BRIEF:
Starting at the line that contains "Zart, modern und", write out each line exactly through the last one in the material below, and nothing more; omit all pictures.

─── AVAILABLE DATA

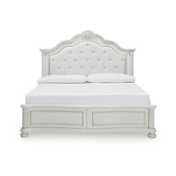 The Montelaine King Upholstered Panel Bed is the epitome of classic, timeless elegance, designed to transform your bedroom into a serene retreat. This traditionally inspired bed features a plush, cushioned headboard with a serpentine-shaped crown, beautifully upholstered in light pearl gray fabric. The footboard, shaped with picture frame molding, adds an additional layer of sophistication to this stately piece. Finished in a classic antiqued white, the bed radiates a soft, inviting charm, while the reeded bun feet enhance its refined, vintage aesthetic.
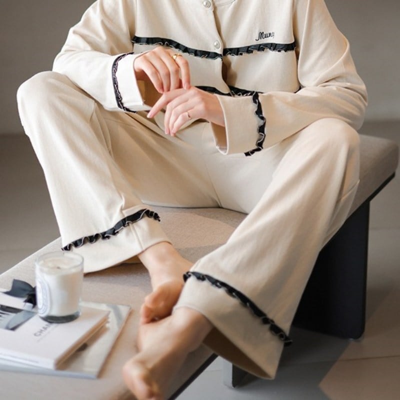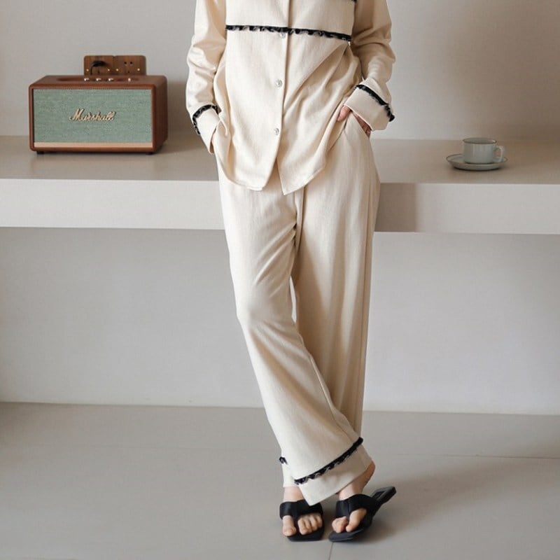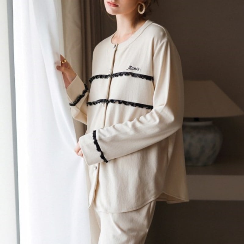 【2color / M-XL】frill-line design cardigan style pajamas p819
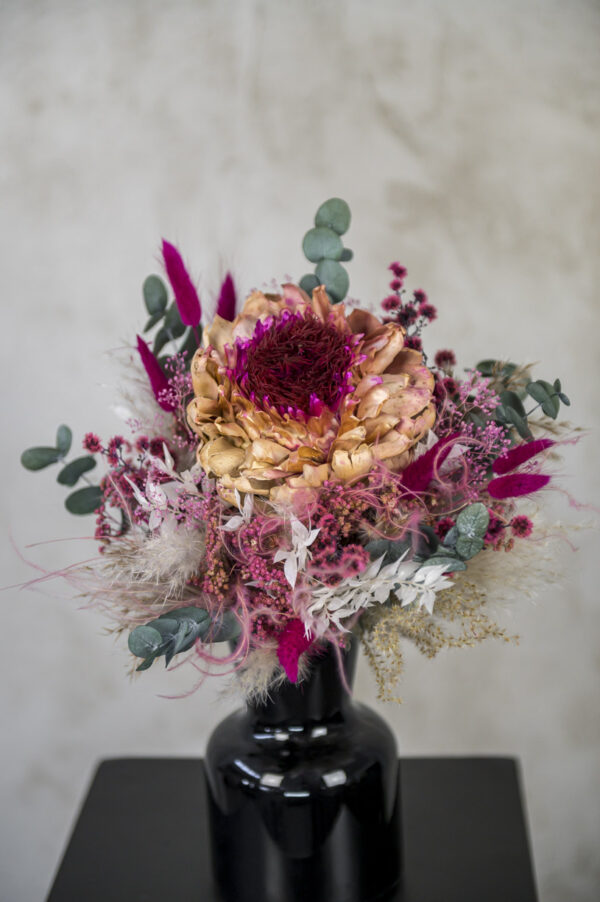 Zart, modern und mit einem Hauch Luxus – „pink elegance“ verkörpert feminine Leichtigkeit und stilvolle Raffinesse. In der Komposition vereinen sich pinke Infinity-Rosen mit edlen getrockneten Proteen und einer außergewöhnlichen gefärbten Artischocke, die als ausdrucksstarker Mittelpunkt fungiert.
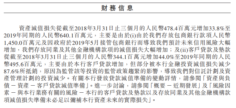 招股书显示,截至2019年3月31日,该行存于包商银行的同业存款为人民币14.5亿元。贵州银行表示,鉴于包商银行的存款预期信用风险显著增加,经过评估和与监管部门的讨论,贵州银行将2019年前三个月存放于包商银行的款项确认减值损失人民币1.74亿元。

──────

SOLUTION TO THIS TASK:
 Zart, modern und mit einem Hauch Luxus – „pink elegance“ verkörpert feminine Leichtigkeit und stilvolle Raffinesse. In der Komposition vereinen sich pinke Infinity-Rosen mit edlen getrockneten Proteen und einer außergewöhnlichen gefärbten Artischocke, die als ausdrucksstarker Mittelpunkt fungiert.
 招股书显示,截至2019年3月31日,该行存于包商银行的同业存款为人民币14.5亿元。贵州银行表示,鉴于包商银行的存款预期信用风险显著增加,经过评估和与监管部门的讨论,贵州银行将2019年前三个月存放于包商银行的款项确认减值损失人民币1.74亿元。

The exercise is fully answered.